How many Binary Strings of length N contain within it the substring '11011'?

Here we are looking for binary strings of length $N$ which do not contain the substring $11011$. The result is then $2^N$ minus this number.

The so-called Goulden-Jackson Cluster Method is a convenient technique to derive a generating function for problems of this kind.

We consider words of length $N\geq 0$ built from an alphabet $$\mathcal{V}=\{0,1\}$$ and the set $\mathcal{B}=\{11011\}$ of bad words which are not allowed to be part of the words we are looking for.

We derive a function $F(x)$ with the coefficient of $x^N$ being the number of wanted words of length $n$. According to the paper (p.7) the generating function $F(x)$ is \begin{align*} F(x)=\frac{1}{1-dx-\text{weight}(\mathcal{C})} \end{align*} with $d=|\mathcal{V}|=2$, the size of the alphabet and with the weight-numerator $\mathcal{C}$ with \begin{align*} \text{weight}(\mathcal{C})=\text{weight}(\mathcal{C}[11011]) \end{align*}

We calculate according to the paper \begin{align*} \text{weight}(\mathcal{C}[11011])&=-x^5-\text{weight}(\mathcal{C}[11011])\left(x^3+x^4\right) \end{align*}

It follows: A generating function $F(x)$ for the number of words built from $\{0,1\}$ which do not contain the subword $11011$ is \begin{align*} F(x)&=\frac{1}{1-dx-\text{weight}(\mathcal{C})}\\ &=\frac{1}{1-2x+\frac{x^5}{1+x^3+x^4}}\\ &=\frac{1+x^3+x^4}{1-2x+x^3-x^4-x^5} \end{align*}

Since the generating function counting the number $2^N$ of all binary strings of length $N$ is \begin{align*} \frac{1}{1-2x}=1+2x+4x^2+\cdots \end{align*}

We conclude: A generating function for the number binary strings of length $N$ which contain the string $11011$ is

\begin{align*} \frac{1}{1-2x}-F(x)&=\frac{1}{1-2x}-\frac{1+x^3+x^4}{1-2x+x^3-x^4-x^5}\\ &=\frac{x^5}{(1-2x)(1-2x+x^3-x^4-x^5)}\\ &=x^5+4x^6+12x^7+31x^8+75x^9+175x^{10}\\ &\qquad 399x^{11}+894x^{12}+1975x^{13}+4313x^{14}+9330x^{15}+\cdots \end{align*}

The last line (1) was calculated with the help of Wolfram Alpha and we see the number of solutions of strings with length up to $N=15$.

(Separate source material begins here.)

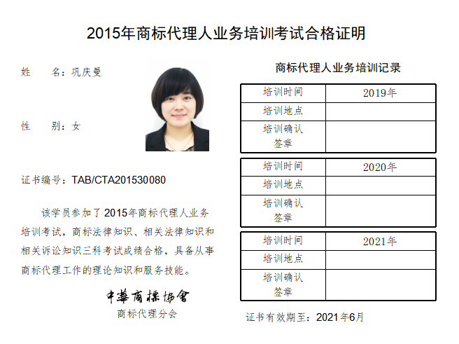 首页 > 代理分会 > 合格证书查询 > 2015年商标代理人业务培训考试合格证书 > 三科合格人员名单 > 山东千慧知识产权代理咨询有限公司
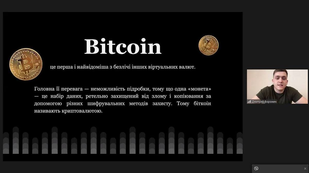 Дмитро займається дослідженням визначення правового статусу криптовалюти у законодавстві України та зарубіжних країн. Він розповів студентам про виникнення криптовалюти, про стан та тенденції розвитку, зазначив, що є загальне розуміння, що криптовалюти являють собою одиниці вартості, які зберігаються на електронних пристроях, використовуються як засоби платежу, а транзакції здійснюються за допомогою криптографії, але на сьогодні не мають свого законодавчого закріплення в Україні. У Верховній Раді України зареєстровано кілька законопроектів щодо обігу криптовалют, які демонструють різні підходи до правової кваліфікації цього інституту. Дмитро також відповів на запитання студентів пов’язаних з використанням криптовалюти.

For example the $12$ strings of length $7$ containing the substring $11011$ are

\begin{array}{cccc} \color{blue}{00}11011\quad&\quad\color{blue}{0}11011\color{blue}{0}\quad&\quad11011\color{blue}{00}\\ \color{blue}{01}11011\quad&\quad\color{blue}{0}11011\color{blue}{1}\quad&\quad11011\color{blue}{01}\\ \color{blue}{10}11011\quad&\quad\color{blue}{1}11011\color{blue}{0}\quad&\quad11011\color{blue}{10}\\ \color{blue}{11}11011\quad&\quad\color{blue}{1}11011\color{blue}{1}\quad&\quad11011\color{blue}{11}\\ \end{array}


Let $k$ be the number of blocks of 11011, let $j$ be the number of single overlaps of the blocks (giving $110111011$), and let $l$ be the number of double overlaps (giving $11011011$).

Then there are $\binom{k-1}{j}$ ways to choose the single overlaps, $\binom{k-1-j}{l}$ ways to choose the double overlaps,

$\binom{n-4k+l}{k-j-l}$ ways to choose the positions of the blocks (since there are $k-j-l$ dividers

and $n-5k+j+2l$ remaining digits), and $2^{n-5k+j+2l}$ ways to choose the other digits.

Using Inclusion-Exclusion, this gives $$\sum_{k=1}^{\lfloor\frac{n-2}{3}\rfloor}(-1)^{k+1}\sum_{j=0}^{k-1}\sum_{l=0}^{k-1-j}\binom{k-1}{j}\binom{k-1-j}{l}\binom{n-4k+l}{k-j-l}2^{n-5k+j+2l}$$.